## Problem:
Don't include pictures. Quote the lines below from the first through the line that contains "Nose April 30, 2014".

## Dataset content:
▼
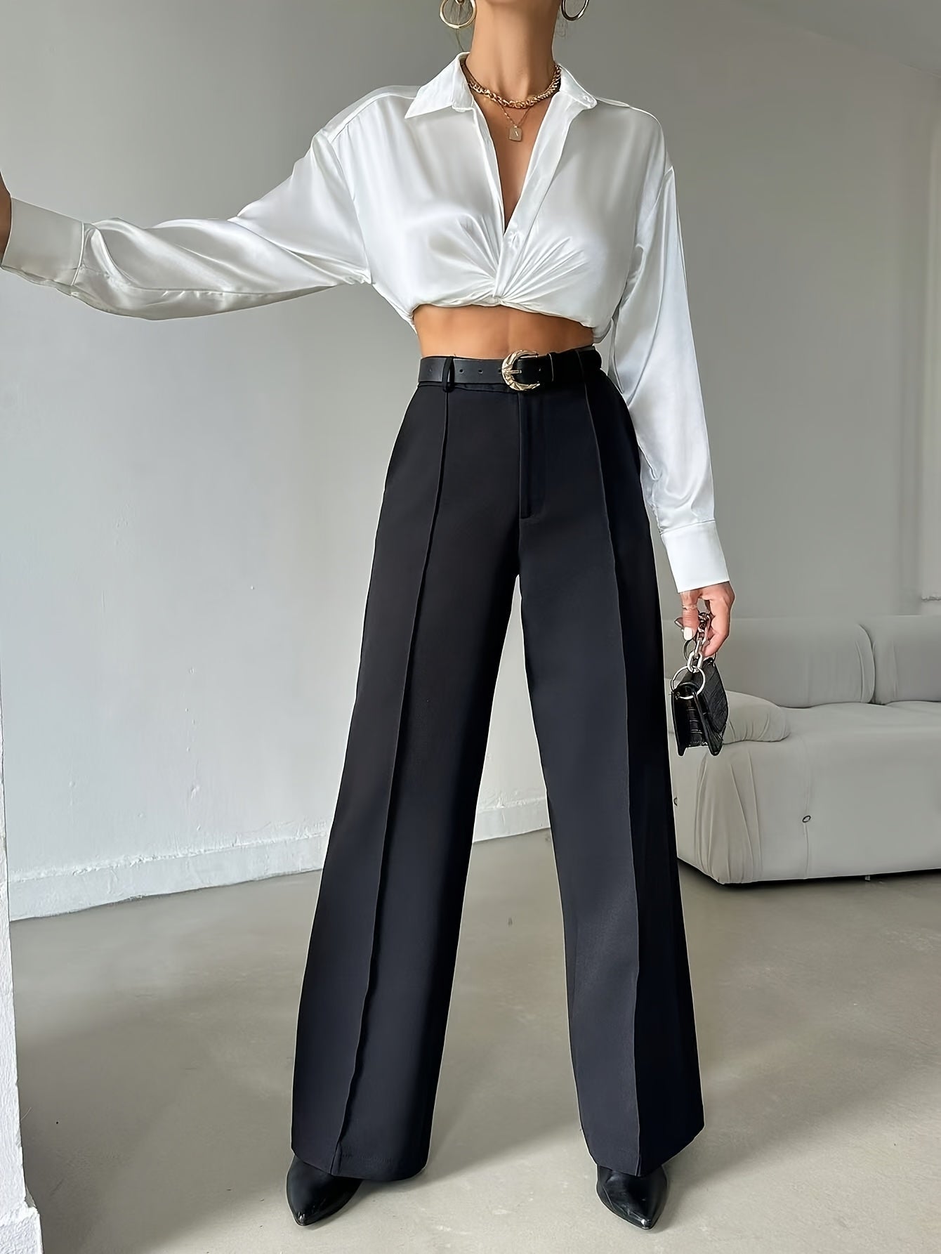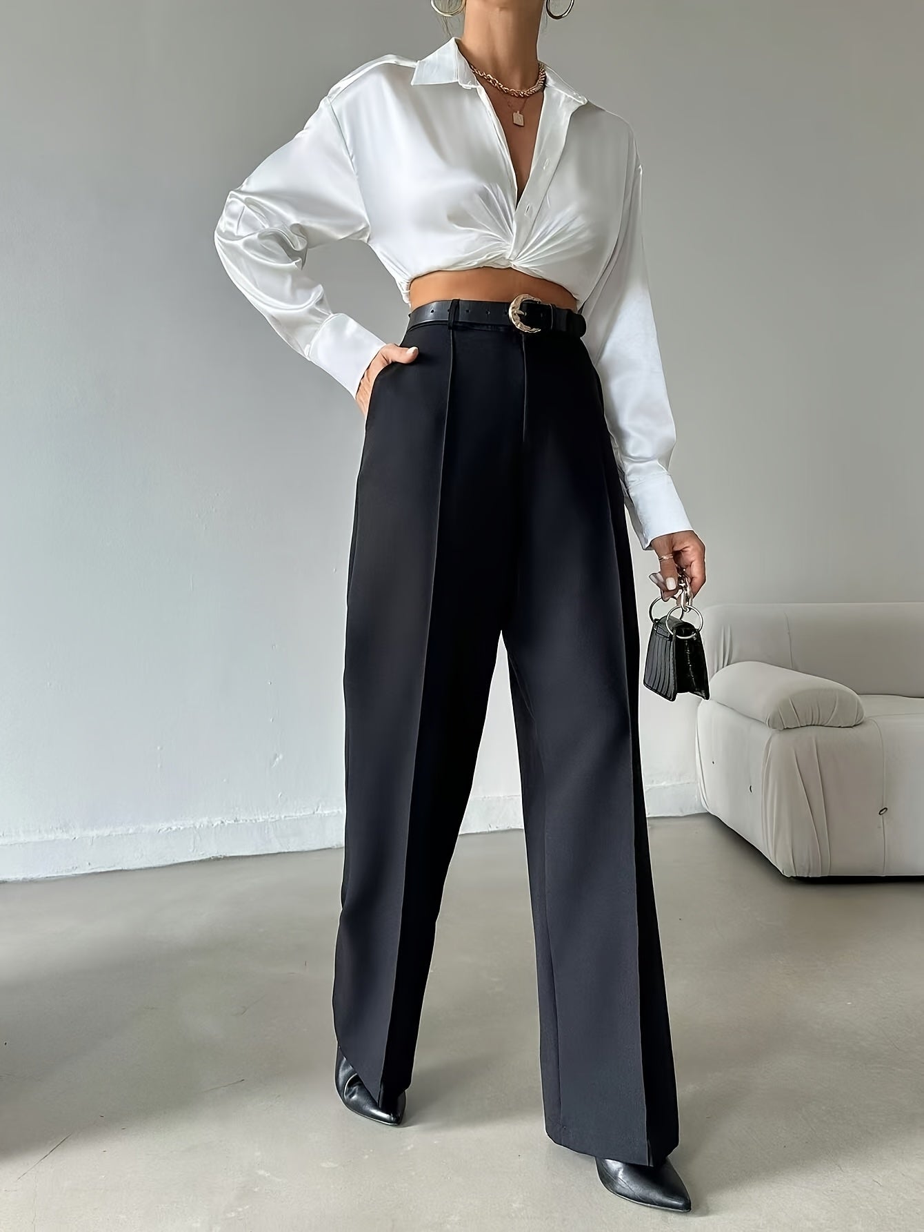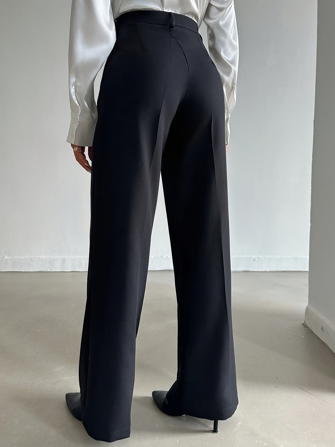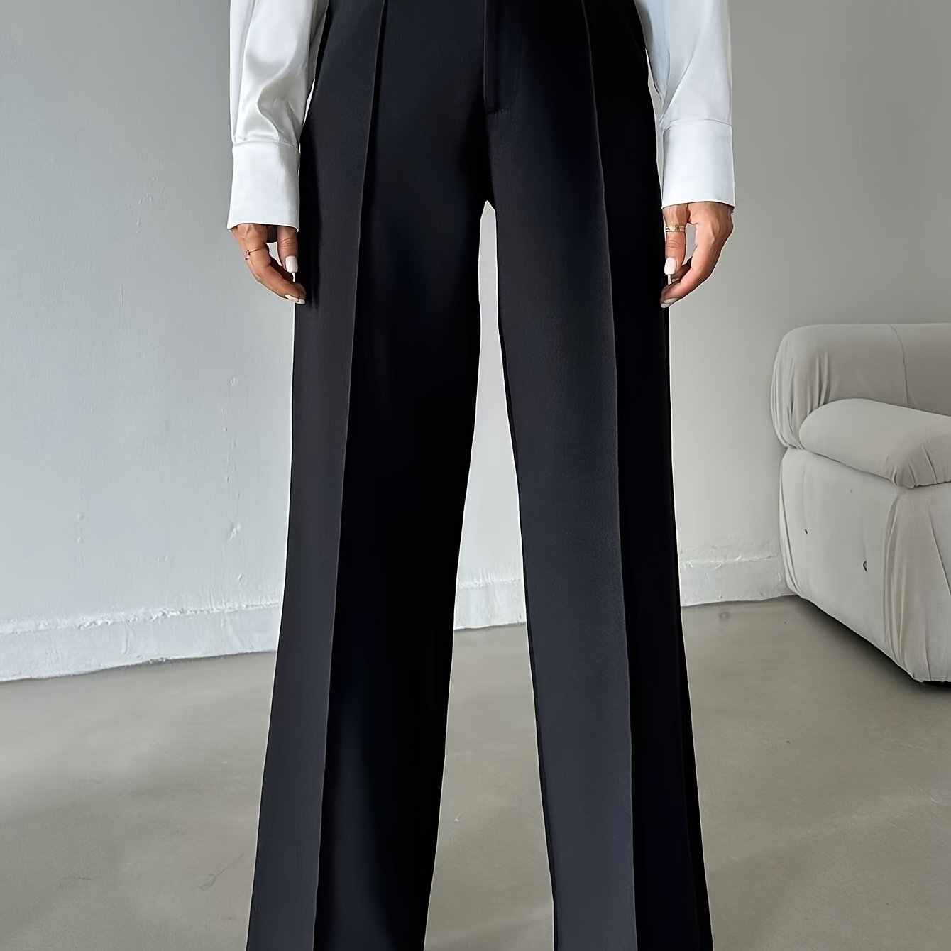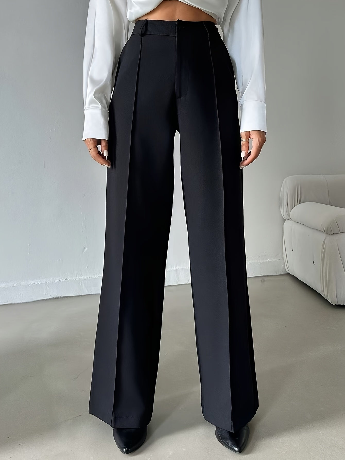 Ladies Elegant Solid Color Straight Leg Polyester Pants 99110643 with Pocket for Adult
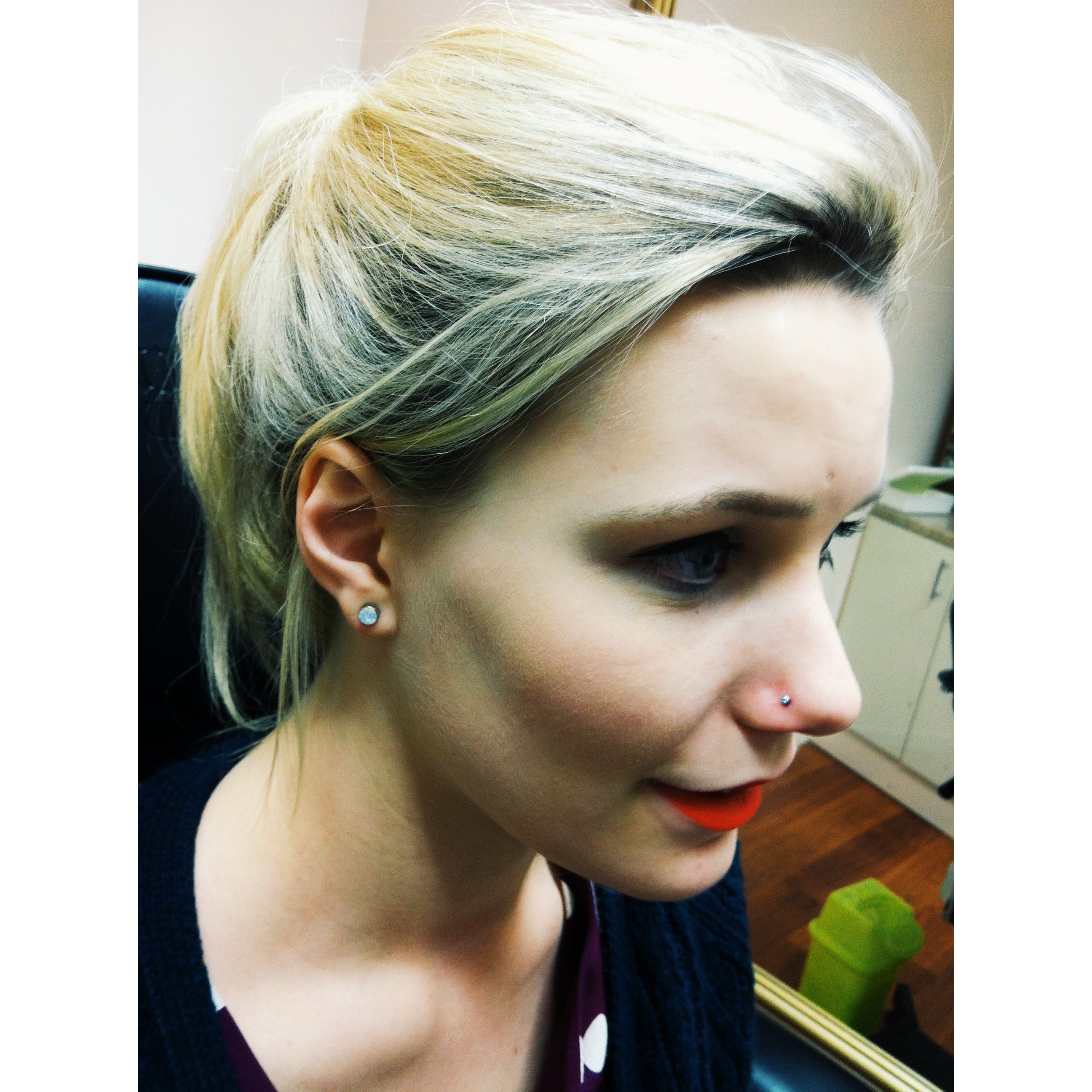 Nose April 30, 2014 — Leave a comment Cathy’s Nose Piercing Cathy’s nose pierced w/1.2mm clear gem titanium nose stud, in the new studio @ Shiva Piercings, Greenwich; London. Share this: Click to share on X (Opens in new window) X Click to share on Facebook (Opens in new window) Facebook Like Loading...
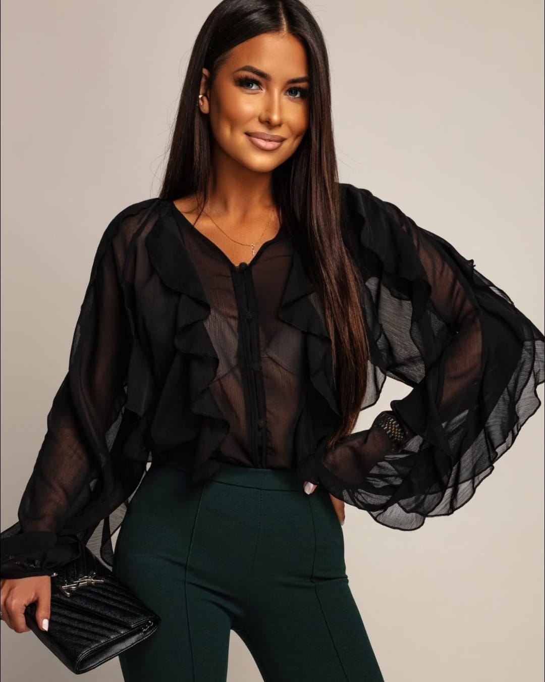 Αναβάθμισε την κομψότητα της γκαρνταρόμπας σου με αυτό το γυναικείο πουκάμισο . Ο σχεδιασμός του συνδυάζει βολάν στα μανίκια και στο σώμα , προσδίδοντας θηλυκότητα και ρομαντική διάθεση , ενώ ο απλός V γιακάς χαρίζει minimal αισθητική και ευκολία στους συνδυασμούς . Ιδανικό για καθημερινές εμφανίσεις αλλά και για πιο ιδιαίτερες περιστάσεις , αποτελεί ένα must‑have κομμάτι για κάθε γυναίκα που αγαπά το στυλ .
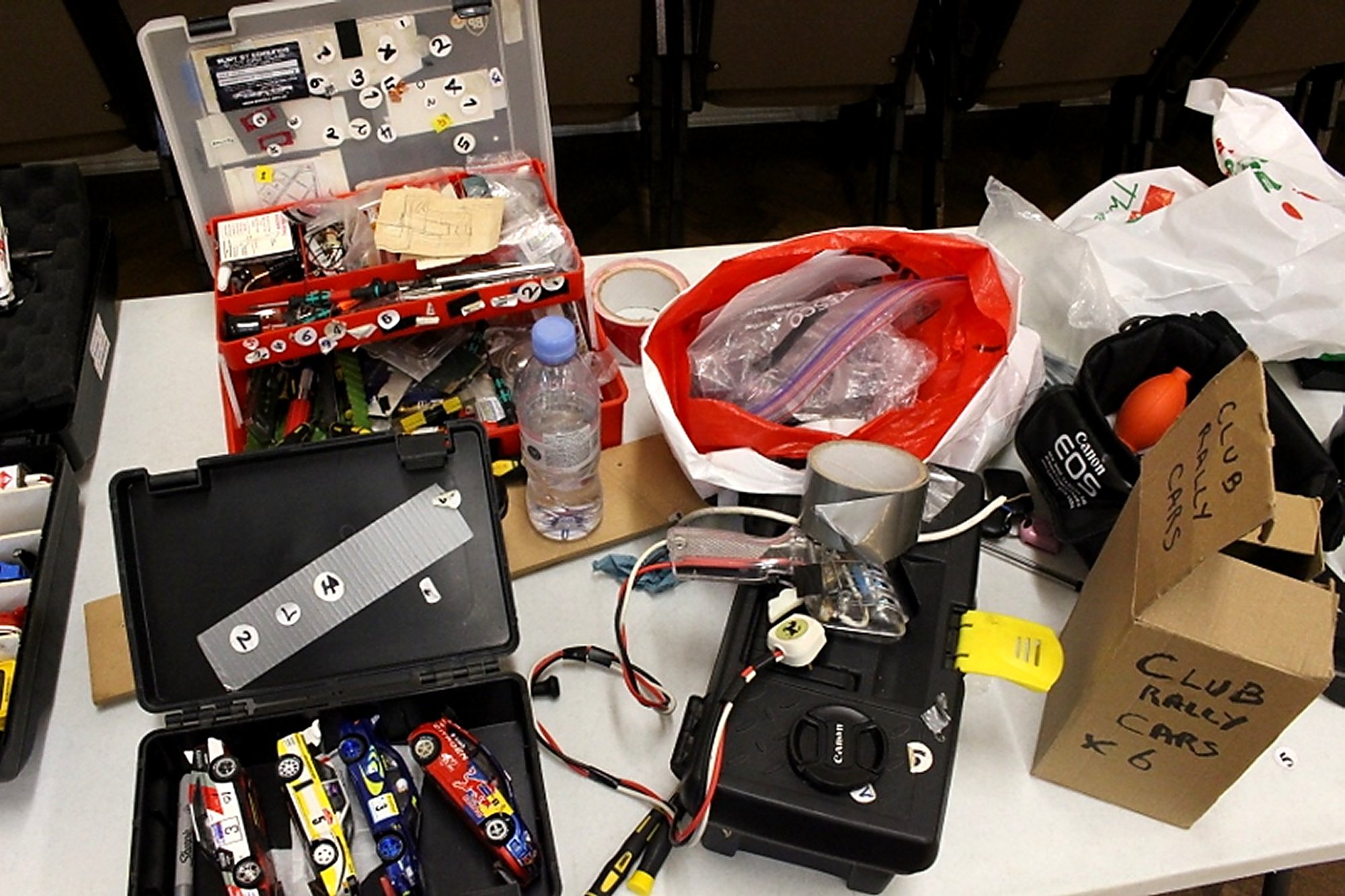 Ten racers turned up to assemble the track on race night but for some reason they were feeling a bit camera shy, so rather than focusing on the track action, drivers and marshals we've gone for their pit boxes instead.
▲
## Answer section:
 Ladies Elegant Solid Color Straight Leg Polyester Pants 99110643 with Pocket for Adult
 Nose April 30, 2014 — Leave a comment Cathy’s Nose Piercing Cathy’s nose pierced w/1.2mm clear gem titanium nose stud, in the new studio @ Shiva Piercings, Greenwich; London. Share this: Click to share on X (Opens in new window) X Click to share on Facebook (Opens in new window) Facebook Like Loading...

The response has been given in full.